Publishes Ül: Four Mapuche Poets, a trilingual anthology.

 

2000     

Semiya, solo exhibition at Galería Gabriela Mistral, Ministerio de Educación, Santiago, Chile, dedicated to the native seeds threatened with extinction.

Exhibits in the show “Quotidiana,” at Castello di Rivoli, Italy.

 

2001

“Book No Book,” an exhibit of her artist’s books at the Woodland Pattern Book Center, Milwaukee, Wisconsin.

 

2002       

Publishes Instan (Kelsey St. Press). 

"Thread Mansion", one woman exhibition at, The Boulder Museum of Contemporary Art

“Dis solving threads of water and light,” two-person, site specific installation with César Paternosto at The Drawing Center, New York.

      

2004         

Publishes I Tu in Buenos Aires.

Divorces César Paternosto. Increasingly divides her time between Chile and New York.

Performance tour of Latin America with Jerome Rothenberg; visits Chile, Argentina, Uruguay and Brazil. 

Meets life partner James O'Hern.

 

2005        

Phipps Chair in Contemporary Poetry at the University of Denver.

 

2006        

Publishes V, an anthology of her poetry, in Lima, Perú.

 

2007        

Her first book, Saborami, is reprinted in Chile.

Exhibits at “WACK! Art and the Feminist Revolution,” at The Museum of Contemporary Art, Los Angeles.

“Otoño,” a documentary reconstruction of her 1971 exhibition at Museo Nacional de Bellas Artes, Santiago.

 

2009       

Co-edits The Oxford Book of Latin American Poetry, which comprises 500 years of poetic production in seven languages, including oral and visual poetries.

Curates “Painted Ideas,” an exhibition of visual poetry and poetry in space in Latin America, at Cecilia de Torres Gallery in New York.

 “Water Writing: Anthological Exhibition, 1966-2009,” a retrospective exhibition at the Institute for Women & Art, Rutgers University.

Co-founds oysi.org, a non profit organization and website dedicated to oral poetries around the world.

 

2010       

Directs Kon Kon, an autobiographical documentary poem in film about her work in Con Con, Chile.

Exhibits at “ONLINE: Drawing Through the Twentieth Century,” at MoMA, Museum of Modern Art, N.Y.

Publishes Soy Yos, a selected edition of her poetry.

 

2011       

Publishes Chanccani Quipu, an artist quipu book, Granary Books, N.Y.

Exhibits at “DANCE/DRAW,” at The Institute of Contemporary Art, Boston.

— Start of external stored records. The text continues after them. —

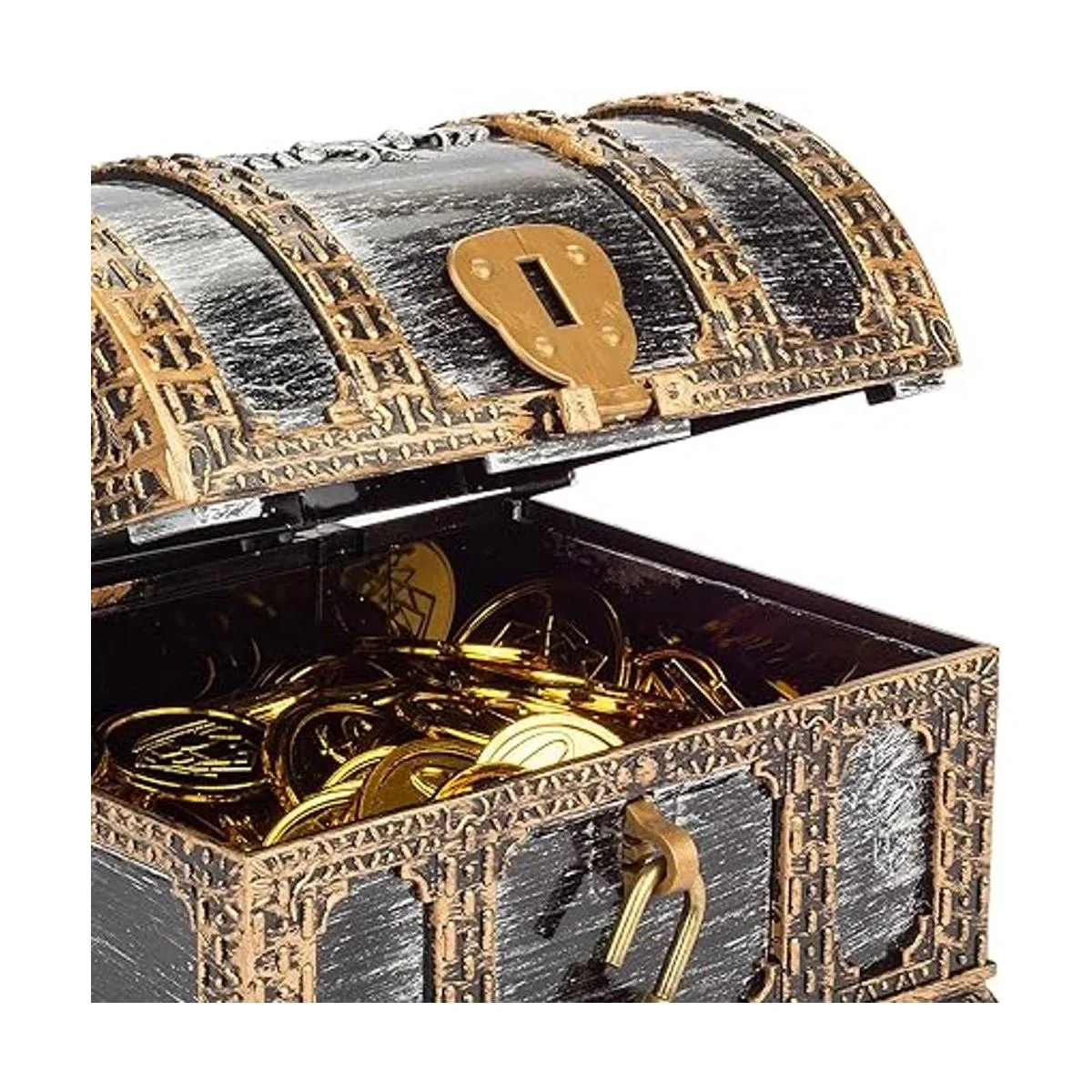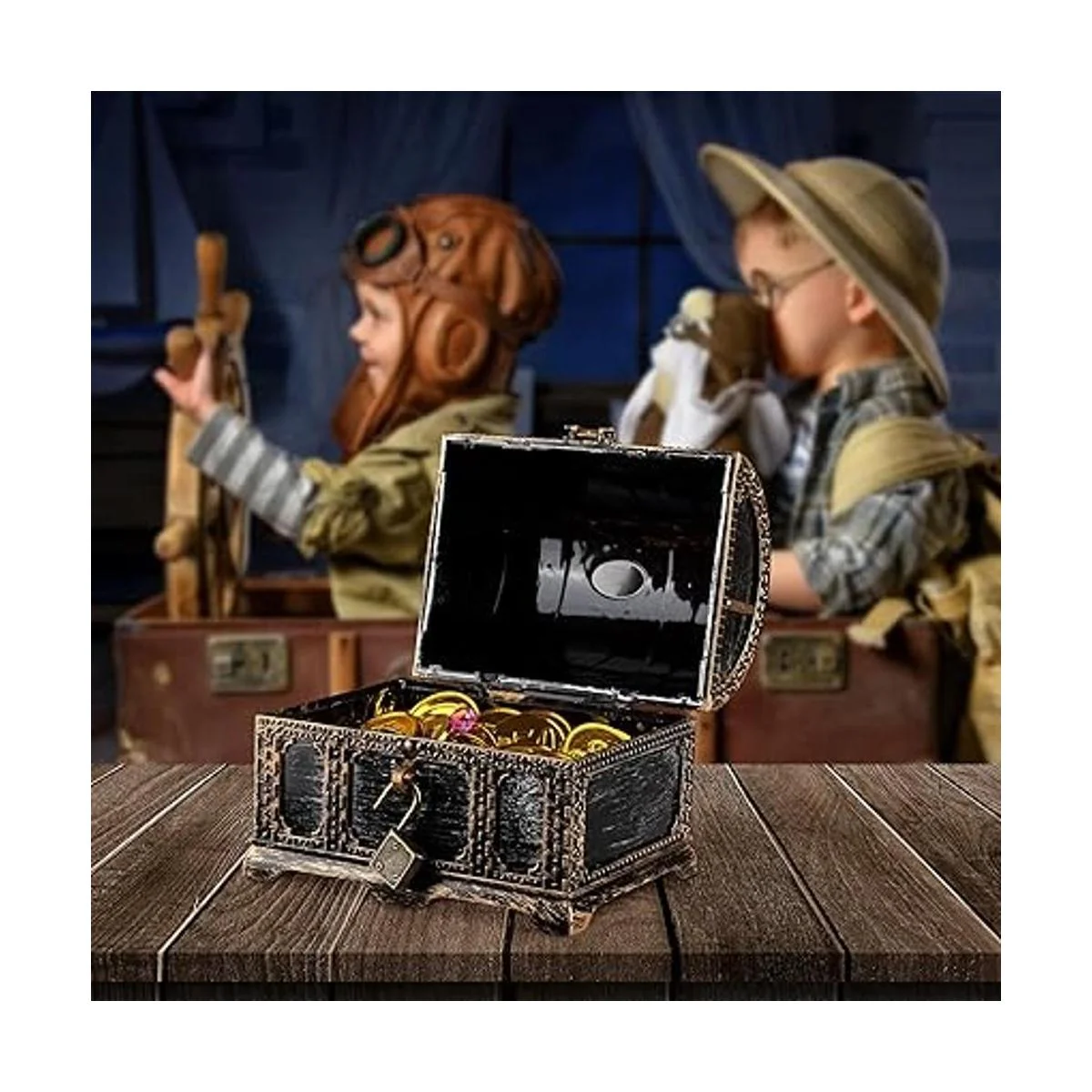 Caja del tesoro pirata de plástico para niños, caja del tesoro vintage pirata, mini juguetes de pecho pirata para niños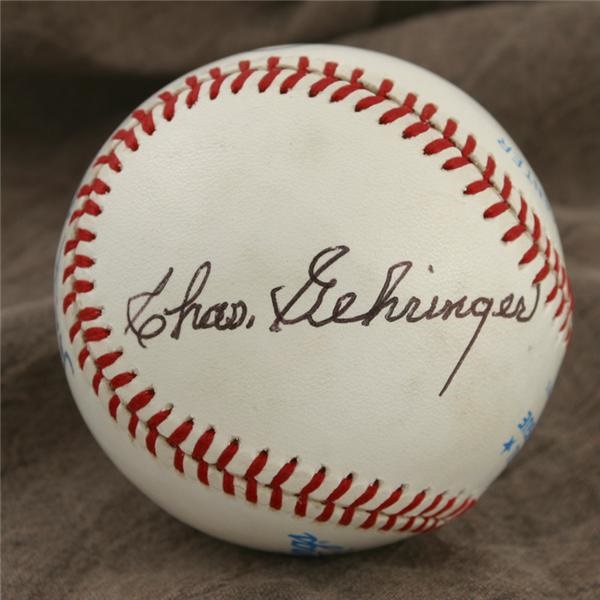 You'll rarely find a HOFer-signed ball in as immaculate a condition as this snow white bauble signed by two popular Tiger HOFers, Hammerin' Hank Greenberg and Charlie Gehringer, each of whom signed the ball at Tiger Stadium on the day their numbers were retired. Greenberg, one of the most prolific sluggers ever, left a smooth and jaunty marker on the sweet spot in dark blue felt tip, while "The Mechanical Man" laid down a precise and elegant autograph on a side panel in black ballpoint. Gehringer must be classified as a perfect 10, Greenberg a 9 only because of a slight smudge on the "k" in Hank. OAL (MacPhial) ball is NRMT with nearly invisible wear to the left of the MacPhail stamp.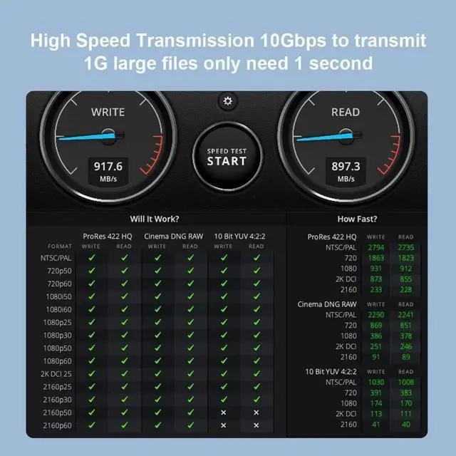 High Speed Transmission: 10Gbps to transmit 1G large files only need 1 second. *Due to the limitation of Apple M1 chip, the reading and writing speed is lower than that of non M1 chip computer

Publishes Saborami, a semi-facsimile edition of her first book, with Chain Links.

Receives the Intangible Heritage Fondart Award for her project "Tugar Tugar Salir a Buscar el Sentido Perdido", conducted in Caleu, Chile.

Oysi co-organizes the Coloquio sobre Oralidad at the Consejo Nacional de la Cultura y las Artes, Valparaíso, Chile.

 

2012        

Exhibits at the Twenty-Eighth Sydney Biennale, Australia.

“Aural,” site specific solo installation at Galería Patricia Ready, Santiago, Chile.

Publishes Spit Temple: Selected Oral Performances by Cecilia Vicuña (Ugly Duckling Presse), edited by Rosa Alcalá

Co-founds "Torn Sound", an app for mobile phones dedicated to dissonant sound and poetry around the world.